*** Dataset ***
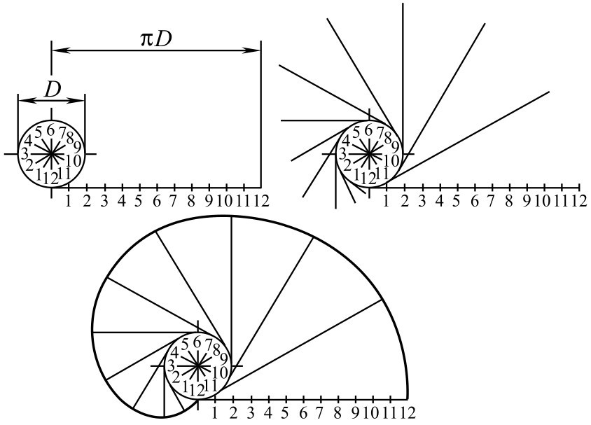 ①将基圆 D 分成任意等分,并将基圆的展开长度π D 也分成相同的等分(图中为12等分)。
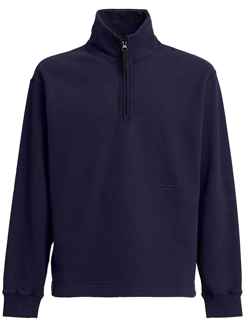 长袖拉绒棉质POLO衫 - 海军蓝 - 男士 - Stone Island - 正面半开襟纽扣.
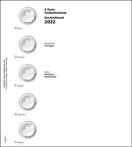 Lindner VORDRUCKBLATT KARAT 2 EURO-GEDENKMÜNZE DEUTSCHE BUNDESLÄNDER": 2020/2021 THÜRINGEN Nr. 1505-9"
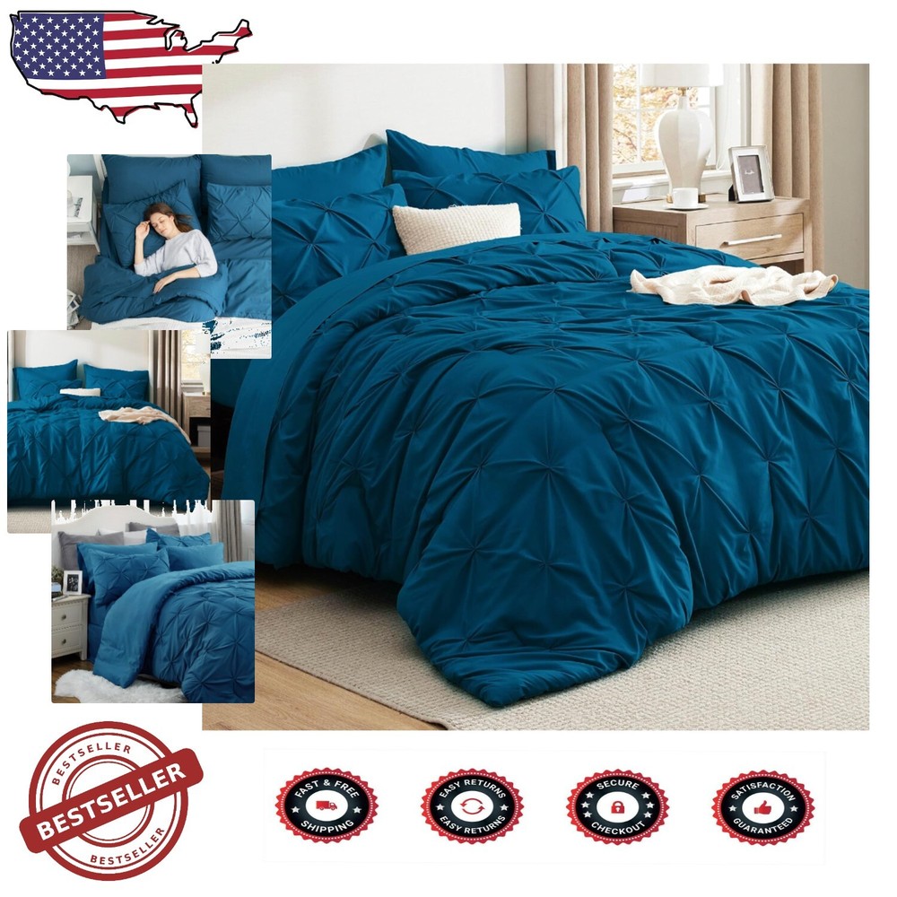 Elegant 5-Piece Twin Comforter Set in Teal - Pintuck Design for Cozy Bedrooms ‹ › ‹ › ‹ › ‹ › ‹ › ‹ › ‹ › ‹ › ‹ › ‹ › ‹ › Elegant 5-Piece Twin Comforter Set in Teal Pintuck Design for Cozy Bedrooms Elevate Your Space This stunning twin bedding set combines elegance and comfort, featuring a sophisticated pinch pleat design with a geometric pattern that instantly transforms your bedroom into a haven of style. Perfect Gift Delight your loved ones with the gift of elegant coziness. Ideal for special occasions such as Mother's Day, Valentine's Day, Christmas, or as a thoughtful gesture any time of year. Cloud-like Warmth Crafted with 's meticulously tested microfiber filling blend, ensuring the perfect harmony between weight and warmth. Create a tranquil and inviting sleeping space, reminiscent of floating on a cloud. Extra Soft Comfort Indulge in the luxurious feel of the brushed microfiber cover, designed to provide exceptional softness. Enjoy restful sleep without any rustling noise to disrupt your slumber. Effortless Maintenance Experience hassle-free care with premium microfiber fabric, resistant to fading, shrinking, and seam slippage. Simply machine wash separately in cold water on a gentle cycle and tumble dry low for enduring beauty. Inclusive Bedding Set This comprehensive 5-piece twin set includes: 1 Comforter (68" x 88") 1 Pillowcase (20" x 30") 1 Pillow Sham (20" x 26" + 2" Overlay) 1 Fitted Sheet (39" x 75" + 14" Deep) 1 Flat Sheet (66" x 96") Why Choose Our Twin Comforter Set? Transform your bedroom into a luxurious retreat with this Elegant 5-Piece Twin Comforter Set in Teal. Embracing warmth, softness, and easy care, it’s the ideal choice for a stylish and comfortable sleep experience. Treat yourself or someone special to this exquisite bedding ensemble today! Shipping Free & Fast Shipping - We offer free shipping to most of the USA with a normal delivery time of 3-7 days. However, due to the current situation, additional delivery time (up to 3 weeks) may be required for some items. Alternative Carriers - We may use alternative carriers (e.g. USPS, FedEx, UPS, etc.) to ensure your package arrives safely and on time. Due to the use of multiple carriers, we are unable to provide a tracking number automatically. Handling Time - Orders are processed and shipped within 1-2 business days of receiving cleared payment. Shipping Restrictions - Shipping to Alaska, Hawaii, Puerto Rico, Guam, and other US territories may incur shipping charges or delivery restrictions. Please contact us before ordering, or your order can be refunded/cancelled. State Restrictions - There may be restrictions based on your state of purchase. For example, certain items may not be shipped to California due to state regulations. Contact for Tracking Updates - If you require tracking updates or have any concerns about the delivery of your order, please feel free to contact us, and we will be happy to assist you. Return 30-Day Hassle-Free Returns - We want you to be completely satisfied with your purchase. If you are not, you can return the item within 30 days of receiving it for a full refund or exchange. Easy Return Process - To start a return, simply contact us and we will provide you with a prepaid return shipping label and detailed instructions. Restocking Fee - There are no restocking fees for returns. However, the buyer is responsible for return shipping costs if the return is not due to a seller's error. Refund Processing Time - Refunds will be processed within 5 business days of receiving the returned item in its original condition. Payment We accept all major credit cards, PayPal, and Apple Pay for your convenience. Your payment information is secure and encrypted to ensure a safe and seamless transaction. Please complete your payment within 3 days of purchase to avoid any delays in shipping. Feedback Your feedback is extremely important to us. We strive to provide the best products and customer service possible. If you are satisfied with your purchase, please take a moment to leave us a positive review. If you have any concerns or issues with your order, please contact us before leaving negative feedback. We are committed to resolving any problems and ensuring your satisfaction. Contact Us If you have any questions or concerns, please feel free to reach out to our customer support team. You can contact us through the eBay messaging system. We are available Monday to Friday, 9:00 am to 5:00 pm EST, and we will do our best to respond to your inquiry within 24 hours. Buy it now and enjoy a pleasant shopping experience! UPC: Not Set Model: Pintuck Set Includes: Comforter,Fitted Sheet,Flat Sheet,Pillowcase,Pillow Sham Material: Polyester,100% Polyester Features: Lightweight,Easy Care,Extra Soft Character: Not Set Theme: Modern Care Instructions: Do Not Bleach,Machine Wash Department: Unisex Baby & Toddler,Kids,Teens,Adults Room: Bedroom Labels & Certifications: Not Set Size: Twin Type: Comforter Set Brand: Unbranded Color: Teal Fill Material: Polyester Pattern: Geometric Item Width: Not Set Item Length: Not Set MPN: Not Set Character Family: Not Set Number of Items in Set: 5 Insulation: All Seasons Style: Modern Season: All Country/Region of Manufacture: Not Set Closure Type: No Closure Thread Count: 200 or Less Drop Length: Not Set GSM (Grams per Square Meter): 150 to 300 Product Line: Not Set Personalize: Not Set
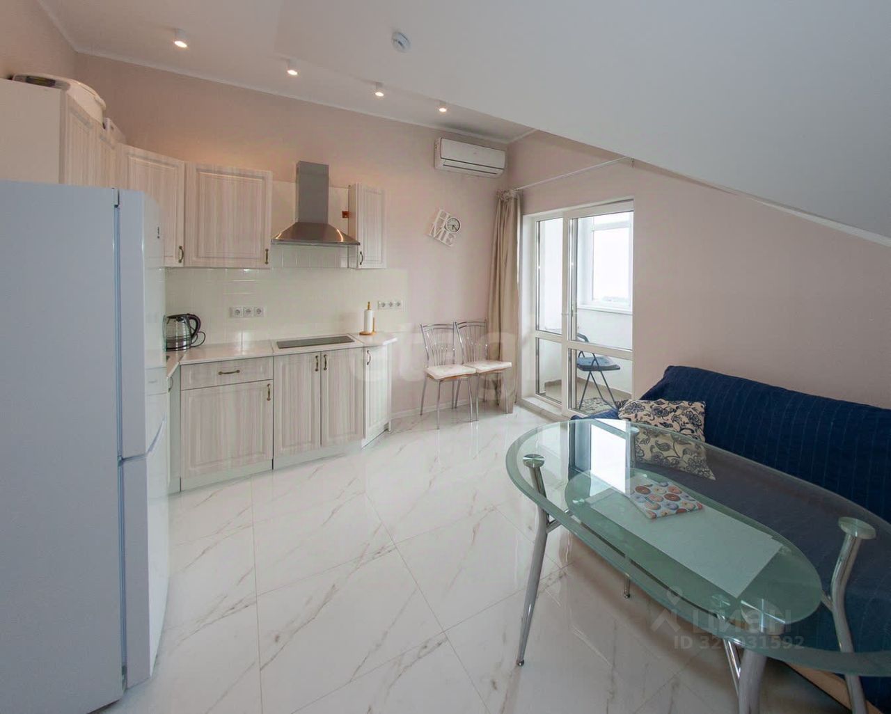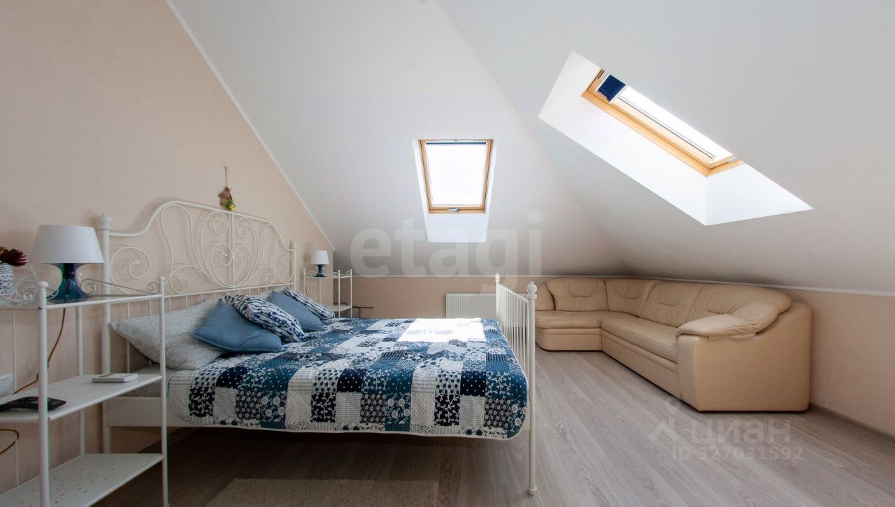 Квартира находится на 6м этаже. Выполнен качественный ремонт. На полу плитка, установлен теплый пол. Площадь квартиры 50,3 кв.м. вместе с балконом. Скос потолков начинается высоко от пола, поэтому квартира просторная. В квартире удачно располагаются два раскладных дивана и двуспальная кровать. Огромный шкаф купе, выполняющий роль шкафа и кладовки. Очень просторный санузел.
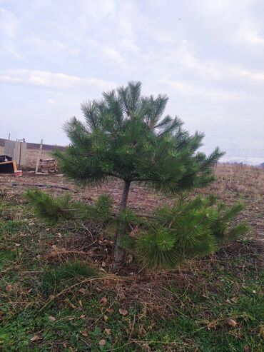 - Сосна (вероятно крымская/черная): компактная крона, длинная темно‑зеленая хвоя, выраженный центральный проводник. Подходит для одиночных посадок, аллей, живых изгородей. Засухоустойчива, неприхотлива к почвам, хорошо переносит городской воздух и обрезку формовкой. Рекомендуемая посадка на солнечном месте, дренированная почва; полив в первое лето после пересадки, мульчирование приствольного круга.
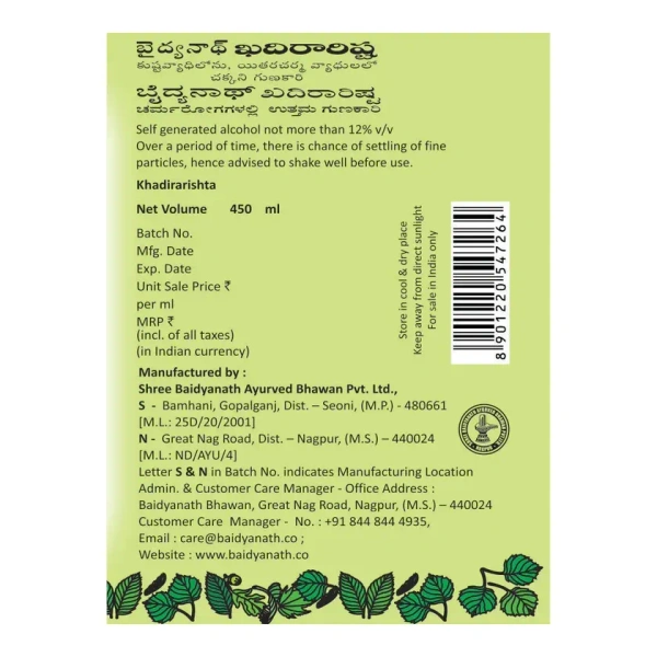 Khadirarishta is a classical Ayurvedic formulation traditionally being used as an Ayurvedic blood purifier. It aids in removal of toxins from the blood and hence, highly effective in relieving skin diseases and problems related to it.
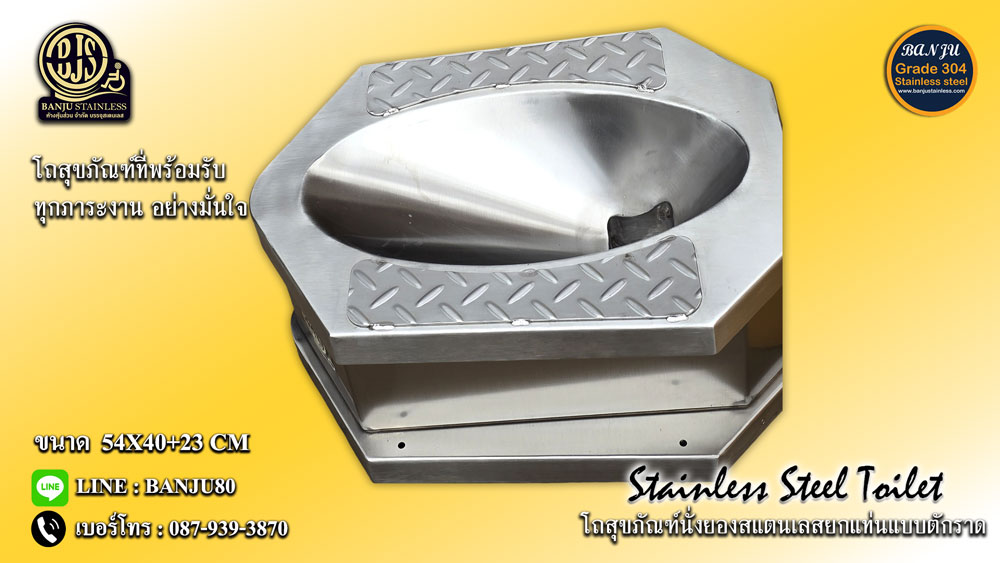 ผลิตจากสแตนเลสเกรดอุตสาหกรรม ทนต่อความชื้น การกัดกร่อน และการใช้งานหนัก ไม่แตกร้าวเหมือนโถสุขภัณฑ์เซรามิก
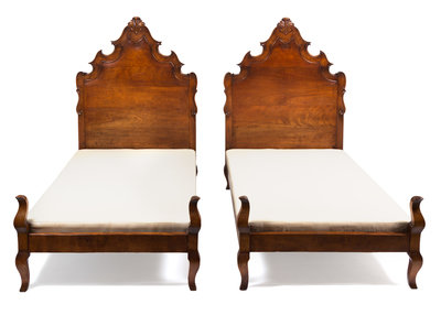 A Pair of Venetian Style Walnut Twin Beds
***
- [Exercise objective]:
Here the job is to copy the stretch of records from the line containing "长袖拉绒棉质POLO衫 - 海军蓝" through the line containing "Lindner VORDRUCKBLATT KARAT", word for word. Leave every picture out.

- [Exercise solution]:
 长袖拉绒棉质POLO衫 - 海军蓝 - 男士 - Stone Island - 正面半开襟纽扣.
 Lindner VORDRUCKBLATT KARAT 2 EURO-GEDENKMÜNZE DEUTSCHE BUNDESLÄNDER": 2020/2021 THÜRINGEN Nr. 1505-9"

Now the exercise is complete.